[Saved data entries]

================

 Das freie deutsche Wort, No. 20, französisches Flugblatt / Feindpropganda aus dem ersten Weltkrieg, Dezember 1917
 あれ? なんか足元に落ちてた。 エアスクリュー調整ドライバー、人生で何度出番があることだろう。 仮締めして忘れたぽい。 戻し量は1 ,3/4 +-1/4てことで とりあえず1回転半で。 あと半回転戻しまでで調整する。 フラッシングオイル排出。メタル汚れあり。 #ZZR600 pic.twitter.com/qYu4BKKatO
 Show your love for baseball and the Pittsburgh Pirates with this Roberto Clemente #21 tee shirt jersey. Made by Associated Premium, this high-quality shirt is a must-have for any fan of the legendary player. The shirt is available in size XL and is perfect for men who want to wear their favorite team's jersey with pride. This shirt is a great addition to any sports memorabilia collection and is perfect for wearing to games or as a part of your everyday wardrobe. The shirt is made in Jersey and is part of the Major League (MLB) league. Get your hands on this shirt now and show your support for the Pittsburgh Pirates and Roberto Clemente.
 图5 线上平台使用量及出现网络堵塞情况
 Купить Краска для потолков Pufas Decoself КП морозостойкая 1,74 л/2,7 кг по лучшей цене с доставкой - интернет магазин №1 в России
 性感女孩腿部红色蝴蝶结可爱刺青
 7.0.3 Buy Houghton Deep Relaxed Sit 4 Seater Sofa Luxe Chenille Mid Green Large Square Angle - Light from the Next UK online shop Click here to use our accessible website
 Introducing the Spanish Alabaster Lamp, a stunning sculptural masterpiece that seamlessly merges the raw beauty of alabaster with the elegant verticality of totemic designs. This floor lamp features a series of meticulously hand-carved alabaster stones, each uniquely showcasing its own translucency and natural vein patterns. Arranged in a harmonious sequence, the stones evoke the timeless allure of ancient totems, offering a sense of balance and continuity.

================

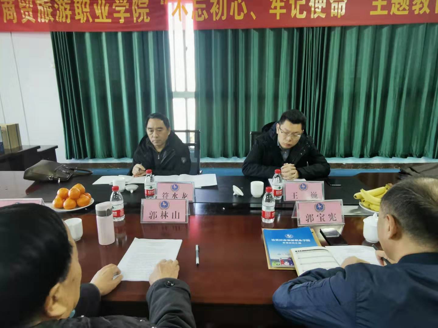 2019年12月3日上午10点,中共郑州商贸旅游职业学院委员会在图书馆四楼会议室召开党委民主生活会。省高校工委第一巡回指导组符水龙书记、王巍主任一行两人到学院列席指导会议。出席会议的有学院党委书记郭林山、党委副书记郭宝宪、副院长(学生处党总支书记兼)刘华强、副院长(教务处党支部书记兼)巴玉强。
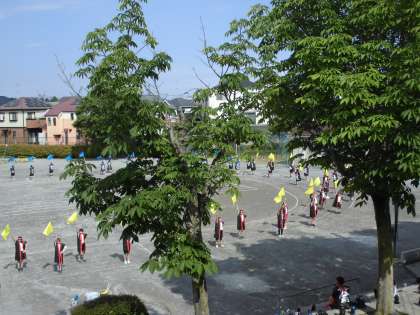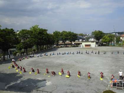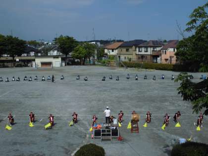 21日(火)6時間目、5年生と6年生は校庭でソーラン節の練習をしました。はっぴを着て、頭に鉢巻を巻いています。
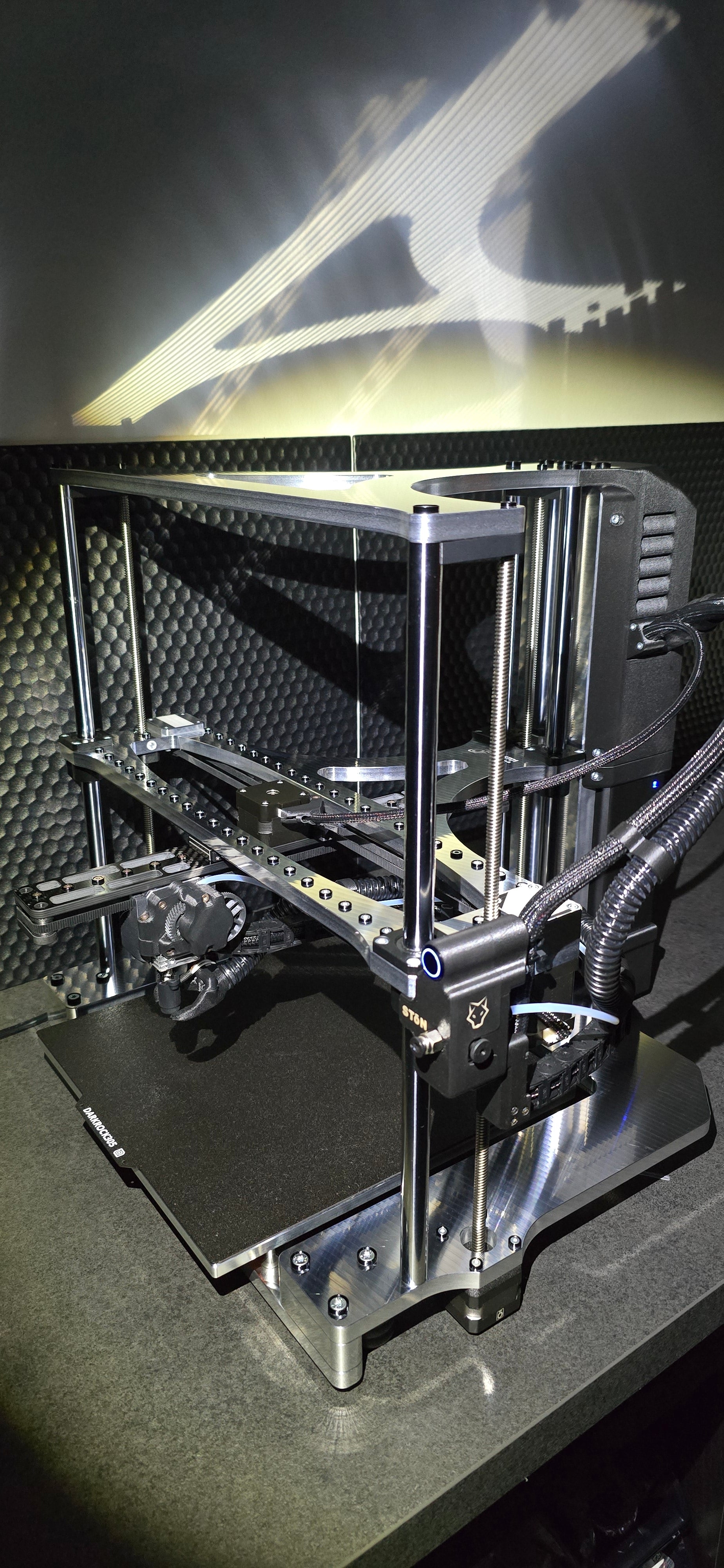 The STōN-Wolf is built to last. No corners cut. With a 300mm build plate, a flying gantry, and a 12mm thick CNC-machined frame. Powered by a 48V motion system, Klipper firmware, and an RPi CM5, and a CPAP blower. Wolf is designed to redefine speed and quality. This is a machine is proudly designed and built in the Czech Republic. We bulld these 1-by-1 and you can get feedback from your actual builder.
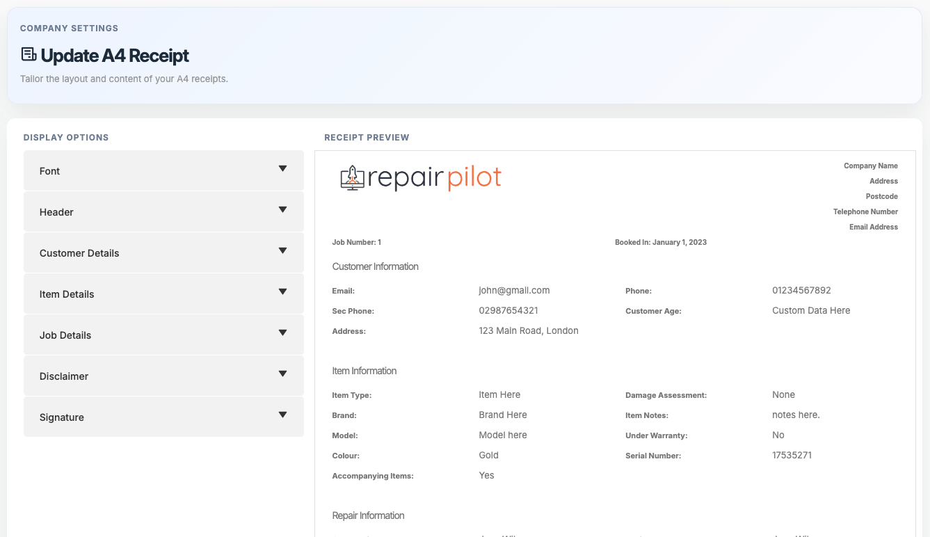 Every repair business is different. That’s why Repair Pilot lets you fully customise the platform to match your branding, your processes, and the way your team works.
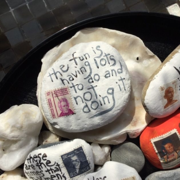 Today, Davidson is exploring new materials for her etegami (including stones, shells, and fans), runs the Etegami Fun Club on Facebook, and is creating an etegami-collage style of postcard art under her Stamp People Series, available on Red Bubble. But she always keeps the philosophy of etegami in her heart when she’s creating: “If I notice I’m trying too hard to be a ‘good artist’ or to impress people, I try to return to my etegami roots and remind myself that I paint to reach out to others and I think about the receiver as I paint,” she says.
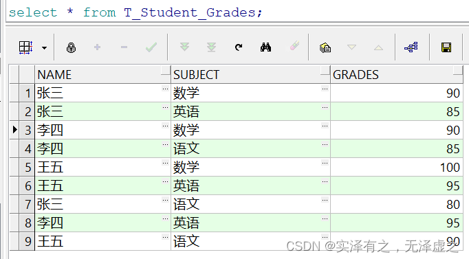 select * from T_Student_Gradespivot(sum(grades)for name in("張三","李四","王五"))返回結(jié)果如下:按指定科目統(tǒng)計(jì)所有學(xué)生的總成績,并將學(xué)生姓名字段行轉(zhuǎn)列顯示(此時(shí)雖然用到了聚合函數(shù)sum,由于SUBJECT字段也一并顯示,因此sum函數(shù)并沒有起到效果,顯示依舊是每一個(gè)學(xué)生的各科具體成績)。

================

From the data above, output only the lines between the line containing "Das freie deutsche" and the line containing "あれ? なんか足元に落ちてた。 エアスクリュー調整ドライバー、人生で何度出番があることだろう。", inclusive, exactly as written.

Answer below
 Das freie deutsche Wort, No. 20, französisches Flugblatt / Feindpropganda aus dem ersten Weltkrieg, Dezember 1917
 あれ? なんか足元に落ちてた。 エアスクリュー調整ドライバー、人生で何度出番があることだろう。 仮締めして忘れたぽい。 戻し量は1 ,3/4 +-1/4てことで とりあえず1回転半で。 あと半回転戻しまでで調整する。 フラッシングオイル排出。メタル汚れあり。 #ZZR600 pic.twitter.com/qYu4BKKatO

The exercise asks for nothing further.